長谷川委員は、これからの社会における「デザイン」と「アート」教育については、社会における「デザイン」「アート」の理解を深めて「デザイン」「アート」を学ぶ環境づくりが必要であること、「デザイン」と「アート」す教育については中等教育機関での「探究型学習」との接続が期待されること、社会における美術大学の役割 、初等・中等教育における図工・美術の教育の役割についての再考が大切であること、リカレント教育における「デザイン」「アート」教育が有用であり、そのための「デザイン」「アート」の教育者育成 が必要であることなどを提起されました。

次に山内祐平(東京大学情報学環学環長・学際情報学府学府長)委員に「生涯学習におけるオンライン教育」について報告していただきました。
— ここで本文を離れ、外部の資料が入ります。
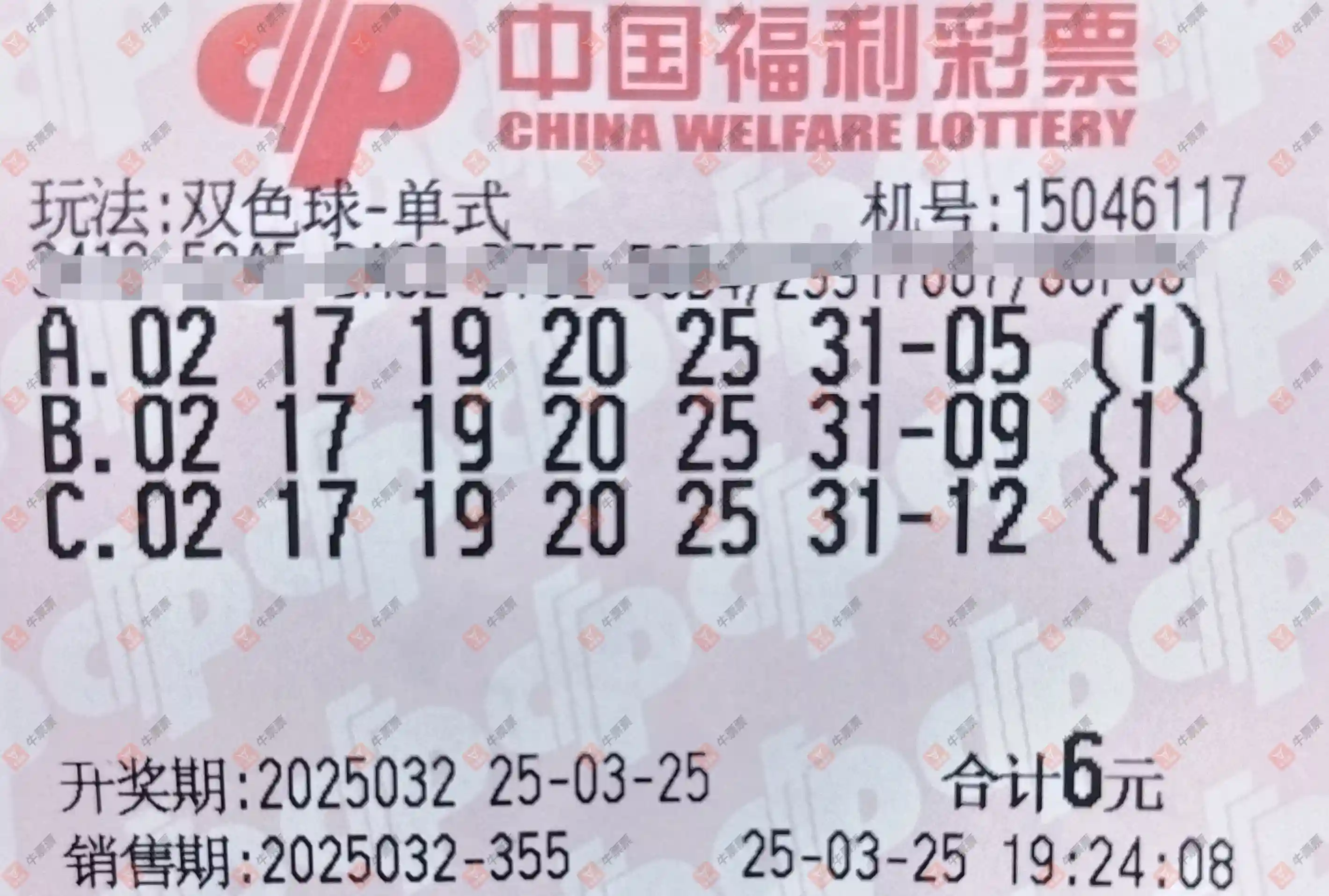 七星彩 2025032期 晒中

山内委員は、「MOOC(Massive Open Online Course /大規模公開オンライン講座)という大学や企業・生涯学習機関がオンラインの講座を無償で受講できる仕組みについて、その運営に関わっていらっしゃる立場からの実証的な視点から報告してくださいました。
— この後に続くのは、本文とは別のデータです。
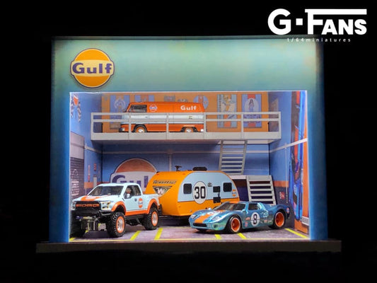 G-Fans 1/64 Gulf Double Levels Garage LED Light Diorama with acrylic cover

「MOOC」は履修は無料ですが、履修証明証は有料(1コース数千円程度)であり、それが運営に充てられています。
山内委員は、受講状況や反転学習の実施等による学習効果の検証をもとに、まとめとして、

• オンライン学習は人生100年時代に必要な 多様な知識を学ぶ機会を提供できる。
• 対面の協調学習と組み合わせることで、 より高度な能力獲得につなげることができる。

という2点を提示しました。

お二人の報告を受けた意見交換では、学校教育においてGIGAスクール構想が推進される現代社会にあって、生涯学習・社会教育の場においても、最適なデジタル化が有用であること、その際、個人的な知識の習得に果たす機能と、地域課題の解決に向けた機能とは分けて考えていく必要が提起されました。
また、オンラインでの学習と、対面による協働型学習の組み合わせのメリットも確認されました。
特に、デザイン教育の大学院でも多世代多職種の学生の学びがあるとともに、「MOOC」の対面の反転学習では小学生から高齢者までの多世代多職種の参加と協働型学習があり、生涯学習・社会教育の場での応用の可能性が期待されます。

2つの報告を受けた意見交換の後、「今期の生涯学習分科会の議論の方向性について 清原・牧野メモ 20211221」が、牧野篤副分科会長から説明され、委員間で共有されました。
特に、
「今後の政策提言に結び付くような議論へ」として

○社会基盤形成・総合行政としての社会教育・生涯学習
○地域コミュニティの基盤としての社会教育施設等の機能の強化
○デジタル社会において社会的包摂を実現するために求められる生涯学習・社会教育の振興方策等

についてなどを共有して、今後の審議について、この資料をもとにして深めていくことが確認されました。